Thursday, 6 July 2017

Barranca del Cobre.

It has nothing to do with cobras, it means Copper Canyon in Spanish. It is situated in Northern Mexico, just over the Arizona border. It is deeper than the Grand Canyon of Colorado (in Arizona), but it is not so famous because it is not in the United States. The climate at the top, well over two thousand metres above the sea level, is quite cool, a bit like England. The climate at the bottom, for example in the town called Urique (at the picture), almost at the sea level, is subtropical and very hot. And there are Apaches living there as well, they are called Tarahumara here. They don't drive Cadillacs as the Arizona Apaches do these days, instead they walk in sandals they make out of Cadillac rubber tyres. But more about them later, now a few pictures from the Canyon itself.









Friday, 30 June 2017

Puna de Atacama

Salar de Atacama in northern Chile is a huge salt flat where water from the mountains flows and dries out, leaving salt. There are some salt lakes there in which flamingos find some vermin to feed on. In the Altiplano higher parts (over 4000 metres above the sea level), some rain falls and there is some grass, on which vicunias (wild ancestors of llamas) feed. It is a national park so flamingos and vicunias are used to tourists and don't run away.











Monday, 12 June 2017

Ancient Maya painting

Here is an example of something that is ignored by the press and book publishers because it is not in fashion, even though it is no less interesting than something similar that is in fashion. Ancient Greece is famous for its ruins, sculpture and painting on pottery. Ancient Mayas are famous for their ruins, but their painting on pottery seems to be almost completely ignored even though it is no less interesting than the Greek painting.

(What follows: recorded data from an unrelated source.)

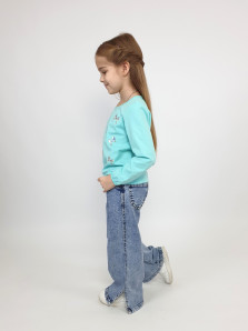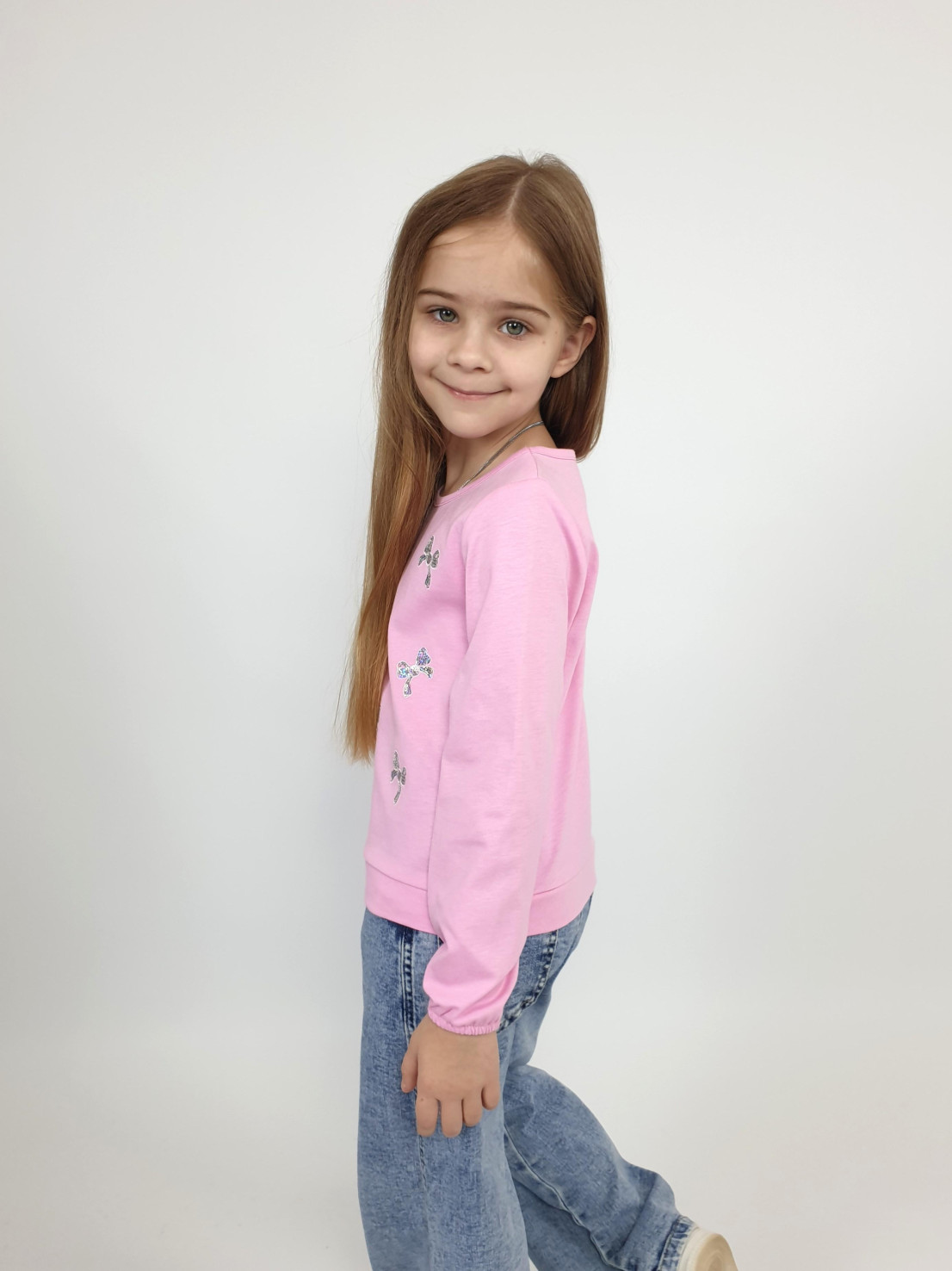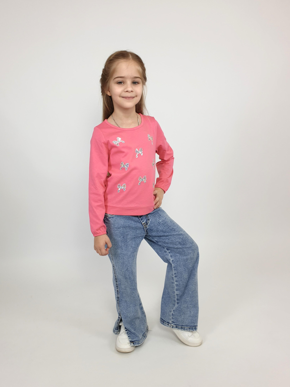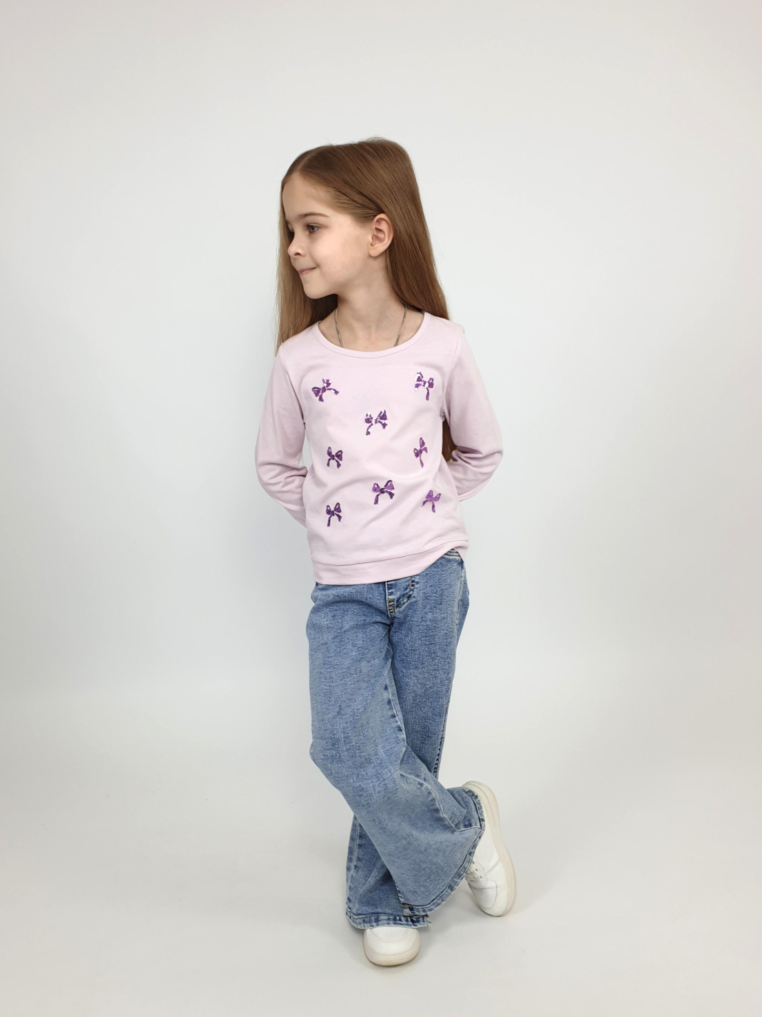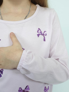 Кулирное полотно:100% х/б. Джемпер-прямого силуэта,на поясе.Перед с вышивкой(пайетки),втачной длинный рукав на резинке.Горловина окантована.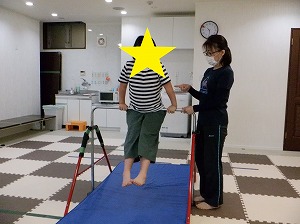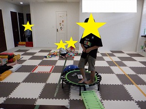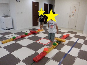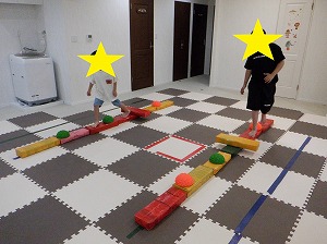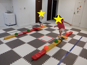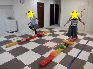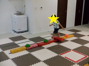 平均台に乗っている小さな山や障害物を踏まないように進んでみましょう!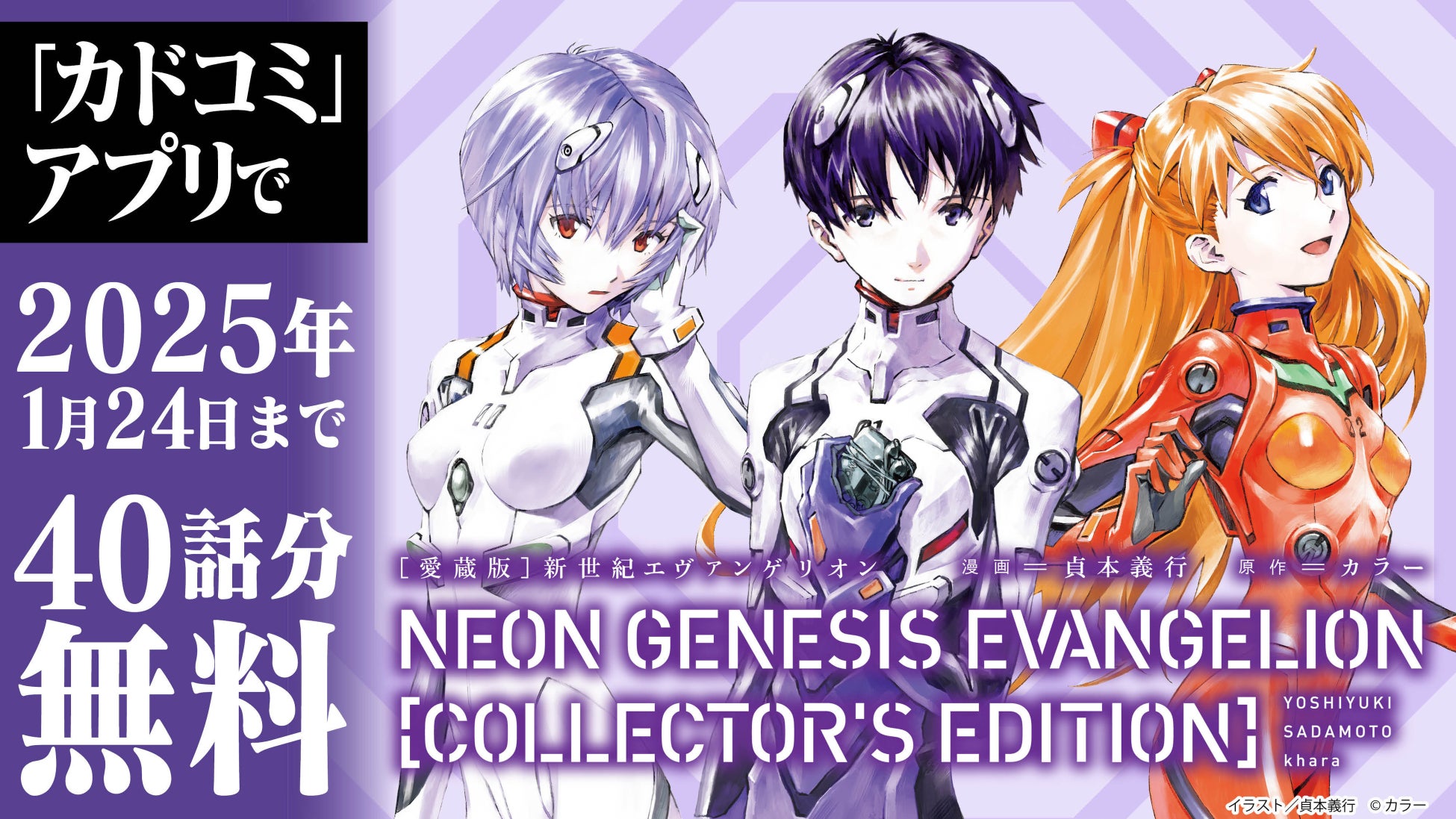 KADOKAWAの漫画サービス「カドコミアプリ」にて、「【愛蔵版】新世紀エヴァンゲリオン」1~3巻(40話分)を2025年1月24日(金)までの期間限定で、無料でお楽しみいただけます。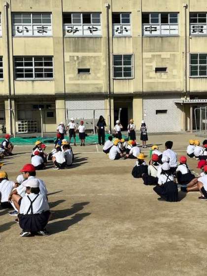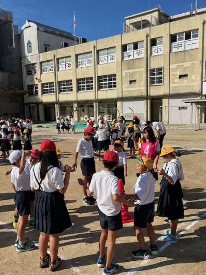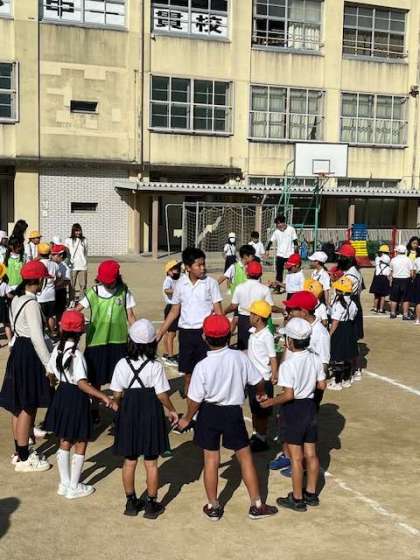 今日の児童集会は、「キャキャキャ〜、キャッチ??」ゲームでした。たてわり班で円になり、互いの指をつかみ合っていました。さわやかな秋空の下、子どもたちの笑い声が響き、楽しく活動していました。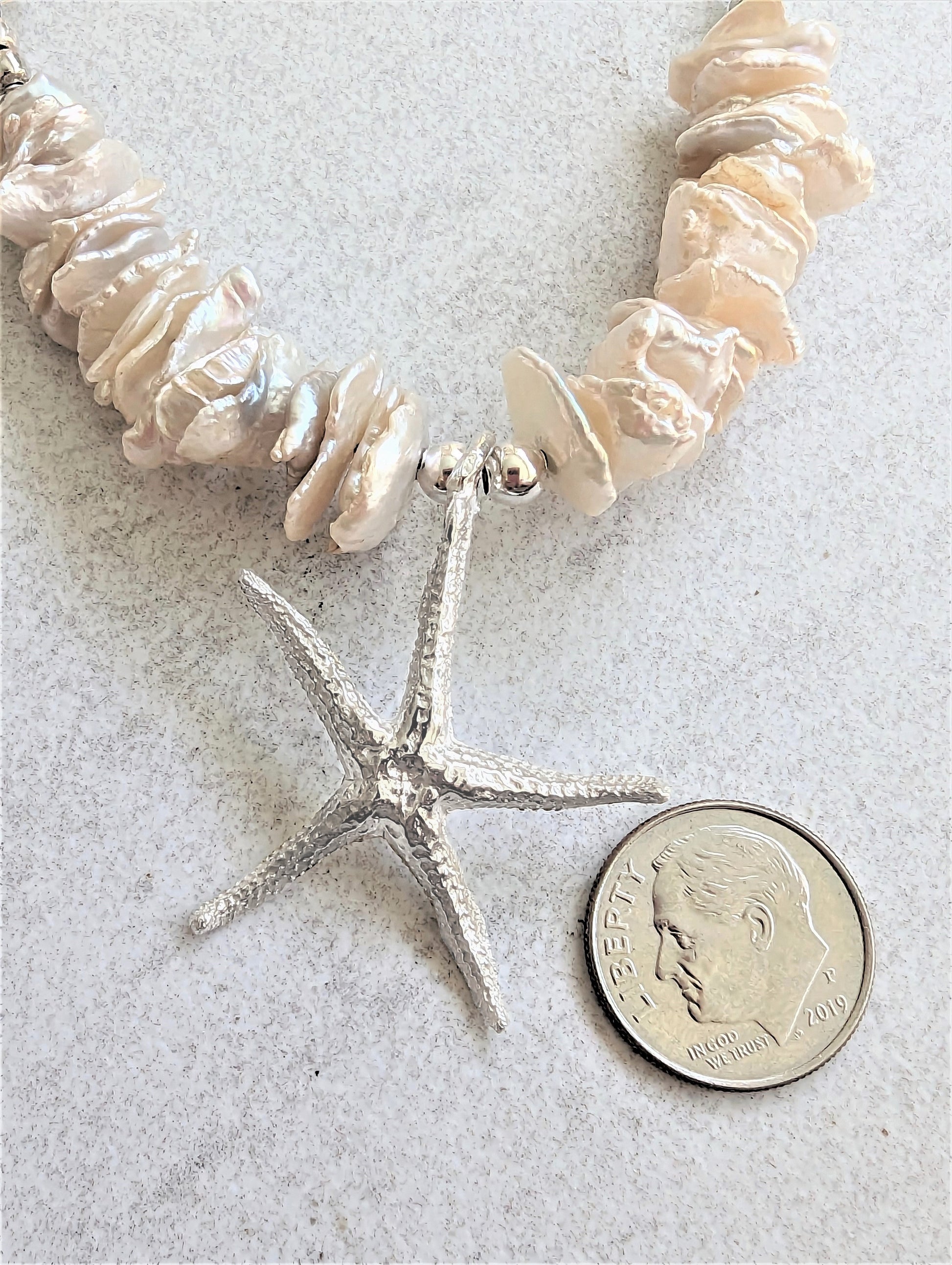 A beautiful starfish pendant, handcrafted of eco-friendly fine silver metal clay from a mold of a real starfish, hangs from a string of unique creamy flake pearls and sterling silver chain.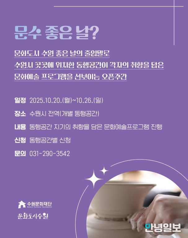 ‘문수 좋은 날’은 ‘문화도시 수원 좋은 날’의 줄임말로, 수원시 전역에 흩어진 동네 문화 거점이자 문화도시 수원과 함께하는 ‘동행공간’에서 문화예술 프로그램을 일주일간 집중적으로 시민들에게 선보이는 기간이다.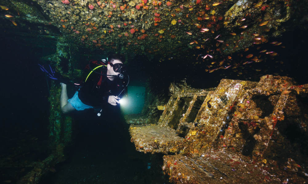 Dive one of the world’s top shipwrecks, the ex-HMAS Brisbane, off the Sunshine Coast.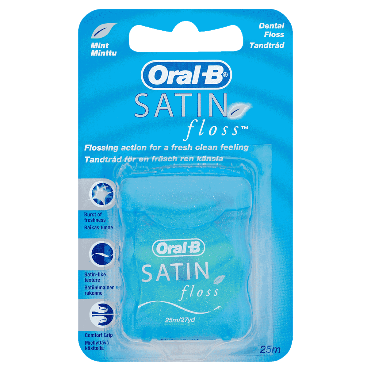 Oral-B Satin floss instantly feels different as it releases a burst of mint freshness on contact that lets you know it is working. Its unique satin-like texture is comfortable to handle. It effectively cleans out plaque and particles between your teeth and below the gumline, so your teeth feel squeaky clean. Daily flossing with Satin Floss you do more to keep your teeth and gums healthy.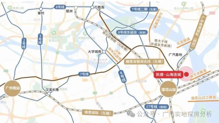 项目交通配套:自驾有利丰大道、南大干线、广台高速等干线。周边规划的8号线东延段莲花站3.9公里,开至万胜围的线路,预计要27年试运营。家门口有个公交总站,其中番131、番77路、86巴士已经运行,去到新造地铁站也挺方便。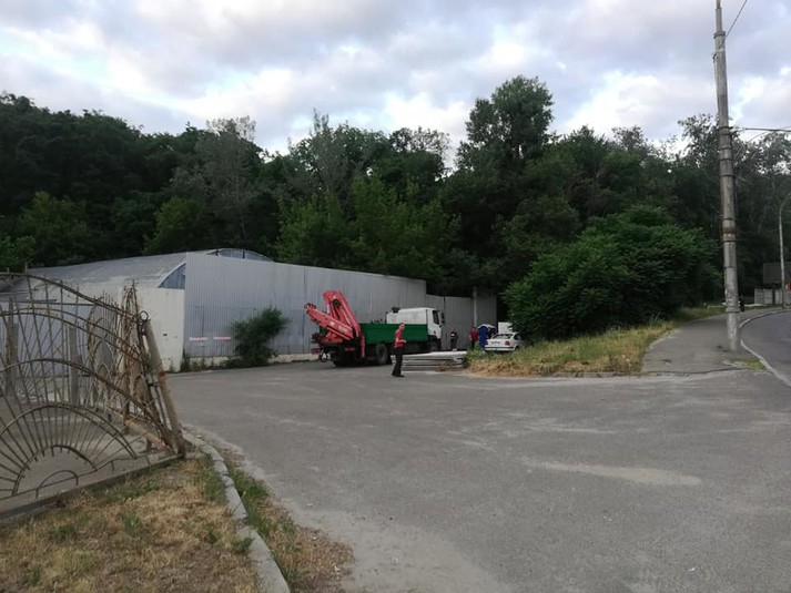 «Кран, який мав пересувати об'єкти для звільнення під’їзного шляху важкій техніці, пригнали о 5-й ранку, ми його вигнали о 5:30. Потім привезли робочих і маніпулятор, його після штовханини з «тітушками» ми вигнали близько 7:00», - написав він.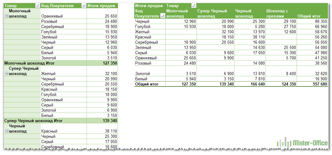 В результате мы получаем настоящую сводную таблицу.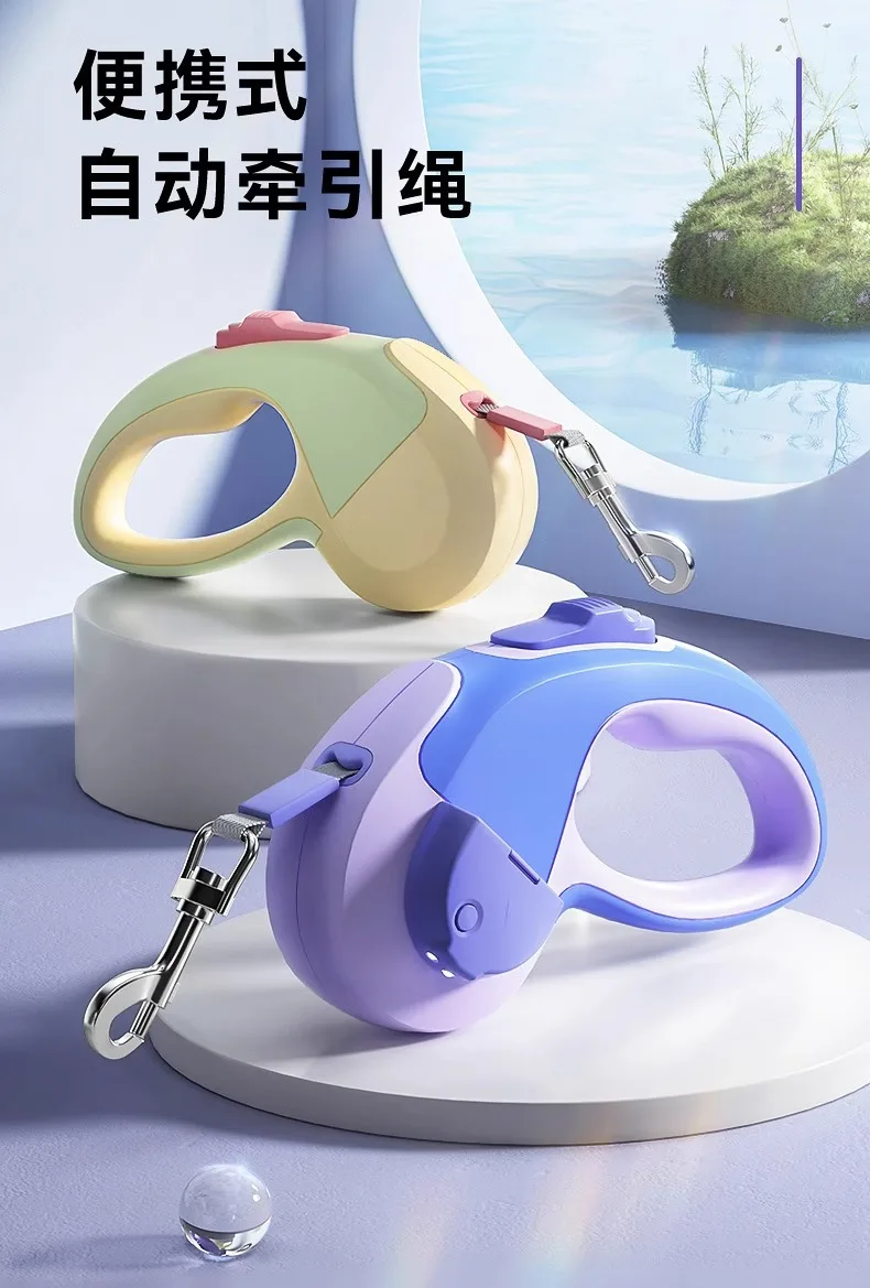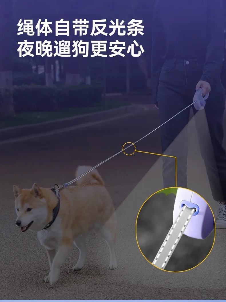 Correa telescópica automática para perros, cuerda para caminar para perros, cadena para mascotas a prueba de explosiones, suministros para mascotas con luces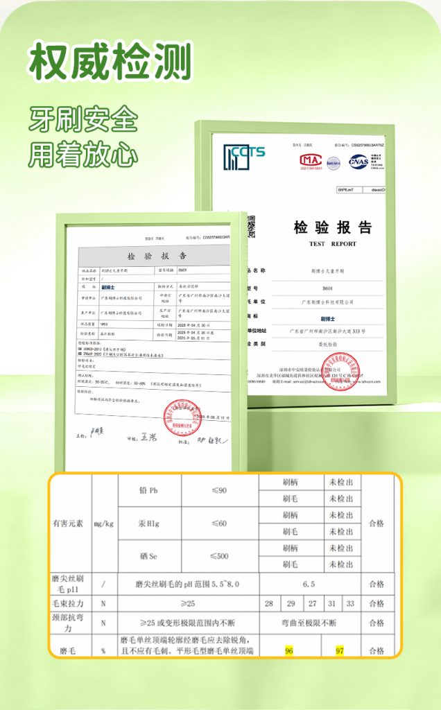刷毛規(guī)格:0.12mm 超纖細(xì)柔抗菌軟毛,磨圓率符合兒童牙刷安全標(biāo)準(zhǔn)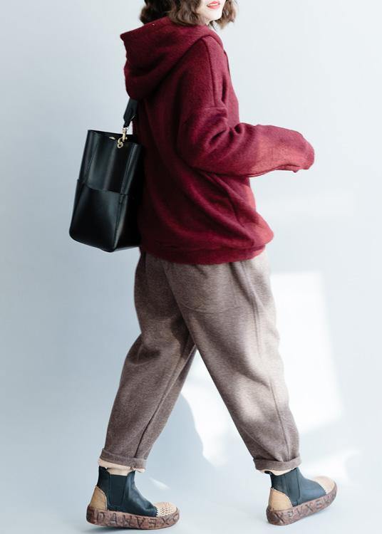 Burgunderrote kuschelige strickbluse mit kapuze – Mila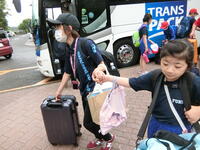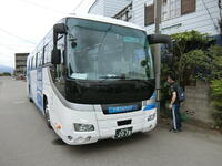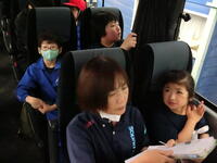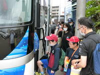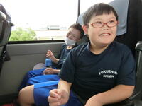 大型バスに乗って、あづま総合運動公園まで移動しました。みんなバスが大好きです。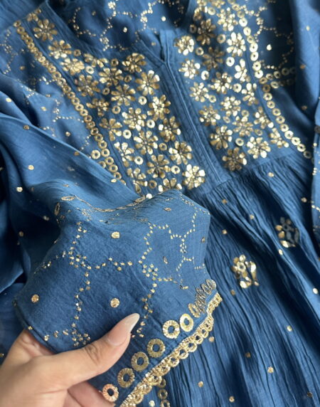 Royal Blue Mukaish Mul Chanderi Silk Dress

It is demonstrated in museum exhibitions where one can see the Maya painted pottery. However, any publication on the subject in either language (I mean English of Spanish) is hard to find and comments in the museums are also extremely limited. Examples here come from museums in Guatemala and Mexico.  









Monday, 29 May 2017

Ancient Greek painting in the British Museum

The Greek painting in the British Museum is easy to overlook. You will easily find the sculpture of Classical Greece, but painting? Who has ever hard of that? Well, perhaps not many people, but it is there and it is quite interesting, here are the examples. Seeing these examples one is tempted to thing that it is anything but primitive. However, you won't find big canvasses you might expect when you thing of great painting. Perhaps this is the very reason why not many people realise that it exists. These paintings are hidden in a few small glass cupboards in rooms upstairs, they are painted on clay vases. Greek vases are, of course well known, though few visitors to the Museum pays much attention. Even less realise that not all vases are decorated in black and ochre colours, that there exist also white vases with black paintings (or perhaps I should say drawings, or even sketches?) on them.









Tuesday, 23 May 2017

Marbles of Suzhou.

I wonder whether there is anyone who would be able to tell me what this is because I have no idea. I saw them in Suzhou in China in traditional pavilions in the famous gardens of the city. They are carefully framed and look as if they were pictures but they are not. It seems that these are cross-sections of marbles, framed and exhibited, sometimes next to a picture. I wander why. Is there a Chinese tradition of exhibiting marbles like that? I guess there must by, but where does it come from? Obviously there is no equivalent tradition in the Western world which is why I haven't found anything of the subject in a Western language.









Friday, 5 May 2017

Lingyin Zen temple in Hangzhou

Lingyin si is a Zen monastery in the hills around the West Lake in Hangzhou. It is amazing how quickly the monasteries have been restored after the orgy of destruction during the cultural revolution. In the hills around Hangzhou there are several monasteries and nunneries. Interestingly in one of them a nun gave me a book in English by Sheng Yen, a Taiwanese Zen master whom I met many years earlier in Taipei.










Friday, 28 April 2017

City God Temple in Shanghai

The City God Temple in Shanghai is a typical Chinese Taoist temple. Normally the centre of a Taoist temple is a yard with an incense burner. Next to the yard is a hall with giant figures. The Taoist saints usually have beards, unlike the Buddhist ones. Behind this hall there is another one with a nicely dressed figure of the City God. There people go to pray.